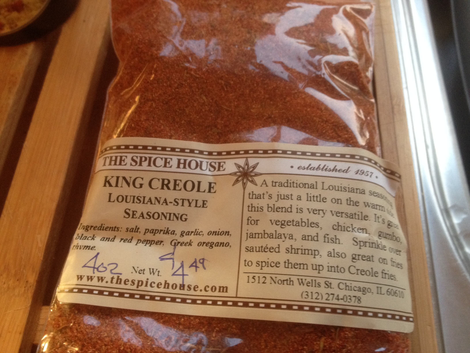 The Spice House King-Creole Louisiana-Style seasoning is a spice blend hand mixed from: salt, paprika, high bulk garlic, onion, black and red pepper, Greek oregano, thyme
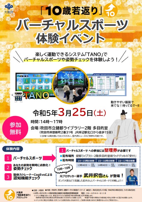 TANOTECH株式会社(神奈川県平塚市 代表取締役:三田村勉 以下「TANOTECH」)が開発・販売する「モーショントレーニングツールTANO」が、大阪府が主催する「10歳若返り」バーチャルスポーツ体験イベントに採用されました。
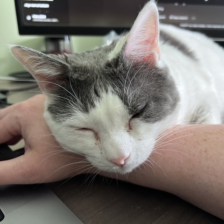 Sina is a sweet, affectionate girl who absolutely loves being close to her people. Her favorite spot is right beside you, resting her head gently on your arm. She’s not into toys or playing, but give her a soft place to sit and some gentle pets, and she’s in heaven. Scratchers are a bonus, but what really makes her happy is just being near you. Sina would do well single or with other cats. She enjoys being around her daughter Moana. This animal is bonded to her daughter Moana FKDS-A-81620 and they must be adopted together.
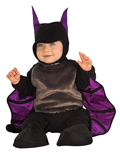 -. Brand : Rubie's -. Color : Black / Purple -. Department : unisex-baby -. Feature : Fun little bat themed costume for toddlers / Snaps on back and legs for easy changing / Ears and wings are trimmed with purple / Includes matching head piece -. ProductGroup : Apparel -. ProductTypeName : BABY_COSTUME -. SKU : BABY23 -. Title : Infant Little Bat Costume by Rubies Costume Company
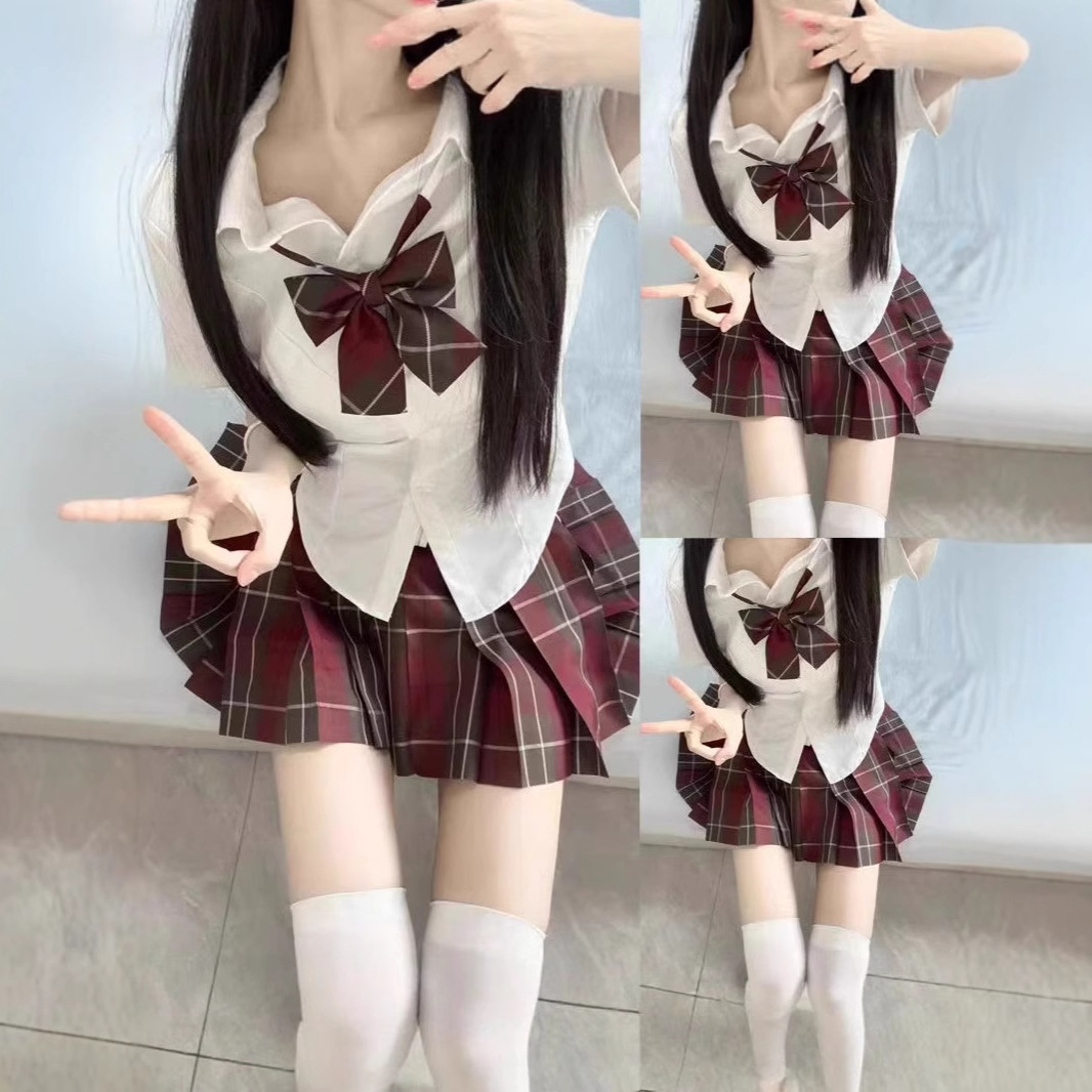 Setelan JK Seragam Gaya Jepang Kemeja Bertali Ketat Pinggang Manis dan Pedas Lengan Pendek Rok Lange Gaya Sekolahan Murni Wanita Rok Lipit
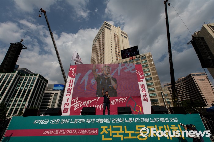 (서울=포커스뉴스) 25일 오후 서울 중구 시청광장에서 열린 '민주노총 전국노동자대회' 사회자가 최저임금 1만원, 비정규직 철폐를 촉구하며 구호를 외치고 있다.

-- WHAT NEEDS TO BE DONE --
Print out every entry above without changing a word, and leave out the pictures.

-- ANSWER BOX --
 The Spice House King-Creole Louisiana-Style seasoning is a spice blend hand mixed from: salt, paprika, high bulk garlic, onion, black and red pepper, Greek oregano, thyme
 TANOTECH株式会社(神奈川県平塚市 代表取締役:三田村勉 以下「TANOTECH」)が開発・販売する「モーショントレーニングツールTANO」が、大阪府が主催する「10歳若返り」バーチャルスポーツ体験イベントに採用されました。
 Sina is a sweet, affectionate girl who absolutely loves being close to her people. Her favorite spot is right beside you, resting her head gently on your arm. She’s not into toys or playing, but give her a soft place to sit and some gentle pets, and she’s in heaven. Scratchers are a bonus, but what really makes her happy is just being near you. Sina would do well single or with other cats. She enjoys being around her daughter Moana. This animal is bonded to her daughter Moana FKDS-A-81620 and they must be adopted together.
 -. Brand : Rubie's -. Color : Black / Purple -. Department : unisex-baby -. Feature : Fun little bat themed costume for toddlers / Snaps on back and legs for easy changing / Ears and wings are trimmed with purple / Includes matching head piece -. ProductGroup : Apparel -. ProductTypeName : BABY_COSTUME -. SKU : BABY23 -. Title : Infant Little Bat Costume by Rubies Costume Company
 Setelan JK Seragam Gaya Jepang Kemeja Bertali Ketat Pinggang Manis dan Pedas Lengan Pendek Rok Lange Gaya Sekolahan Murni Wanita Rok Lipit
 (서울=포커스뉴스) 25일 오후 서울 중구 시청광장에서 열린 '민주노총 전국노동자대회' 사회자가 최저임금 1만원, 비정규직 철폐를 촉구하며 구호를 외치고 있다.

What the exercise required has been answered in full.